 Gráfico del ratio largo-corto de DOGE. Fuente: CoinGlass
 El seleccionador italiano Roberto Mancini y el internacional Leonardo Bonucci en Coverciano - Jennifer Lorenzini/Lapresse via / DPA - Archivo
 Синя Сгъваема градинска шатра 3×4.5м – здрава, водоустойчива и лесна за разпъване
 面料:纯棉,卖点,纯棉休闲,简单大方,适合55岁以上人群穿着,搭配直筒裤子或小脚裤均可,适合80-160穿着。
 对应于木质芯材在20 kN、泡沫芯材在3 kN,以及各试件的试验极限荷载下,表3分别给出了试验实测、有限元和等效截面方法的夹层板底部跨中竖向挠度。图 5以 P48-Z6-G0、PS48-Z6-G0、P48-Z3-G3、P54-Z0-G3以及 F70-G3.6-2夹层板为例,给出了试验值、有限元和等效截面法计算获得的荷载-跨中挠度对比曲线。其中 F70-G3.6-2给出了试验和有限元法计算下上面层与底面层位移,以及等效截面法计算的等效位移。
********************
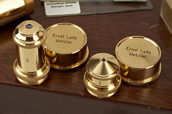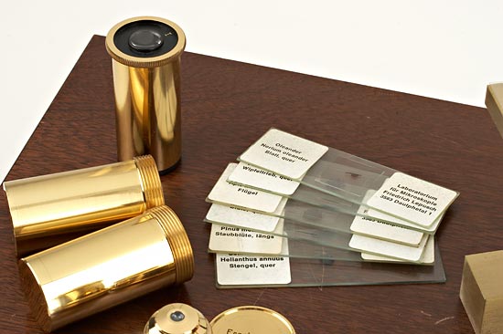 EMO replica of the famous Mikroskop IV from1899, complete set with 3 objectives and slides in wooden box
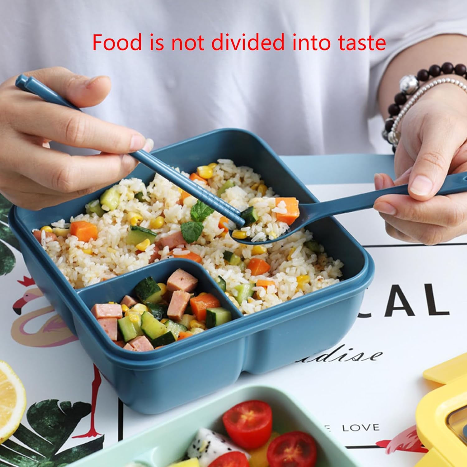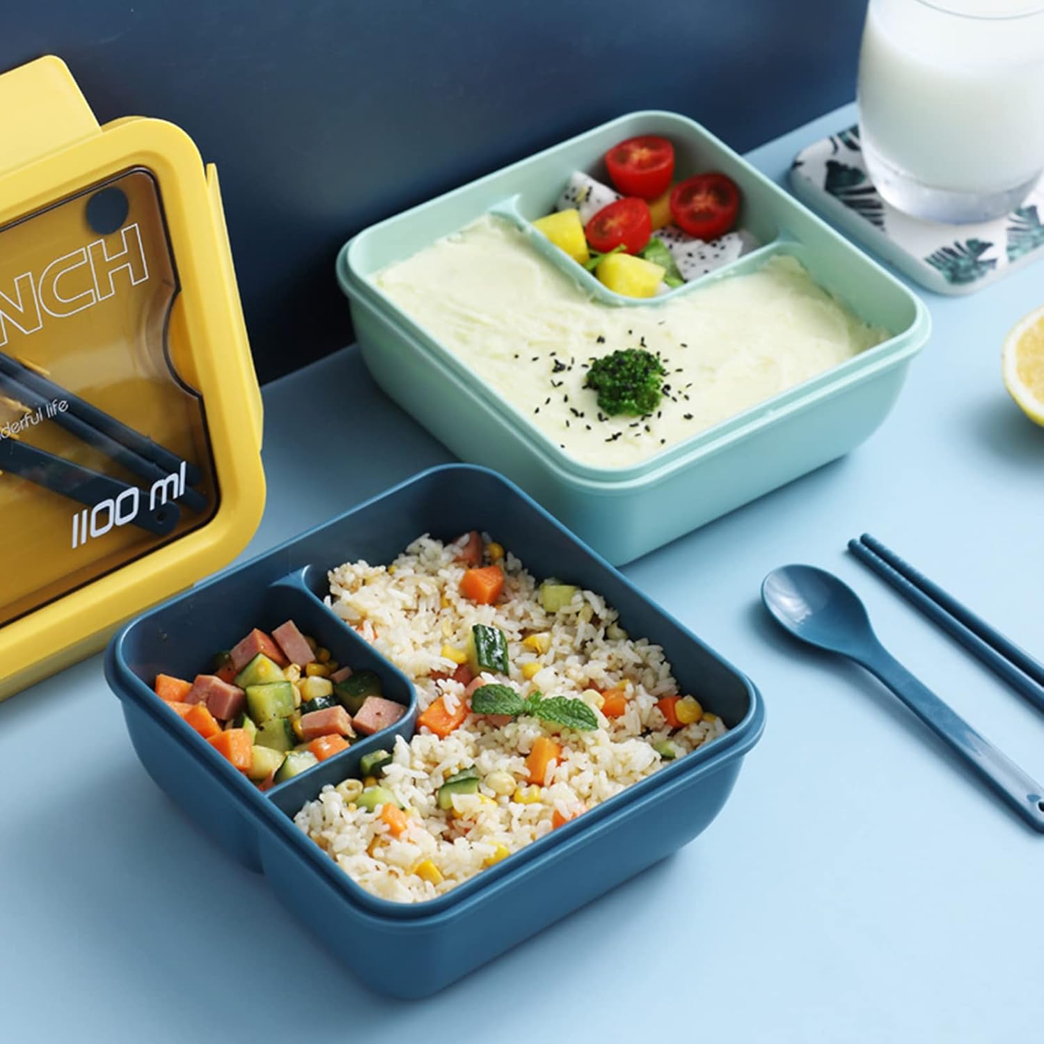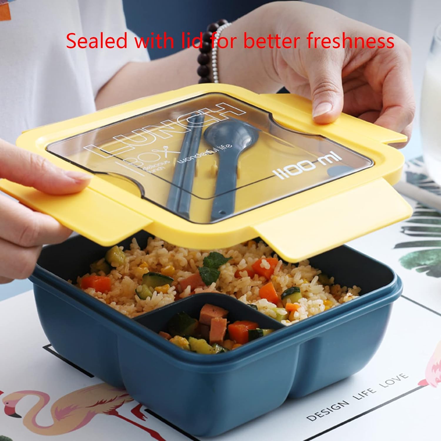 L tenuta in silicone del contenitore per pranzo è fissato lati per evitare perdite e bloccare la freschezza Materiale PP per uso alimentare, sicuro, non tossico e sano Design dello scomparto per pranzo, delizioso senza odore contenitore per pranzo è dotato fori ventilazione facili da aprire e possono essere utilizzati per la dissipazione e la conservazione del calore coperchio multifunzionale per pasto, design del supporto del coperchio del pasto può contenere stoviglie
********************
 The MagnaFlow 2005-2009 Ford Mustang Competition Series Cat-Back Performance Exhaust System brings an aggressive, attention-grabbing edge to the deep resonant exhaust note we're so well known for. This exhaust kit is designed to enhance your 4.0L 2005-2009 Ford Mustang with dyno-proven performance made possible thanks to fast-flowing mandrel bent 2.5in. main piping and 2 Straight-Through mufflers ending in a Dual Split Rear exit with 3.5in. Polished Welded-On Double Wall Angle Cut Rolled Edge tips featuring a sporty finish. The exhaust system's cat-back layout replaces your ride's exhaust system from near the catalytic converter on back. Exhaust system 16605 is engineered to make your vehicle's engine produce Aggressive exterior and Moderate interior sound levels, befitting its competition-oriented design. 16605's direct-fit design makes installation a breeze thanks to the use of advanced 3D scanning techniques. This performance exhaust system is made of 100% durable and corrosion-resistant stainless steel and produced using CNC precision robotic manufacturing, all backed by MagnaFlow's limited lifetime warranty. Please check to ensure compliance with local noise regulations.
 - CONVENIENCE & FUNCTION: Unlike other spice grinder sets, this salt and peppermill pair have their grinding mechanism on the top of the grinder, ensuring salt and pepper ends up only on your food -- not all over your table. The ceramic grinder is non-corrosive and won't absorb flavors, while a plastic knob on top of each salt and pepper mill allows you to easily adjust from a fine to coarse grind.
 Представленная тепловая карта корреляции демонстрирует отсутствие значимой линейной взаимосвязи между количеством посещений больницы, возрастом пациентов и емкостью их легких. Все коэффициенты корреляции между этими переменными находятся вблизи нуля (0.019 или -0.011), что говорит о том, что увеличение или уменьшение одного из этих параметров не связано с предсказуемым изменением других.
********************
*WHAT IS EXPECTED*
Write out exactly the lines that fall from the line with "Gráfico del ratio" to the line with "Синя Сгъваема градинска" in the records above, keeping both ends.

*REPLY TO THE EXERCISE*
 Gráfico del ratio largo-corto de DOGE. Fuente: CoinGlass
 El seleccionador italiano Roberto Mancini y el internacional Leonardo Bonucci en Coverciano - Jennifer Lorenzini/Lapresse via / DPA - Archivo
 Синя Сгъваема градинска шатра 3×4.5м – здрава, водоустойчива и лесна за разпъване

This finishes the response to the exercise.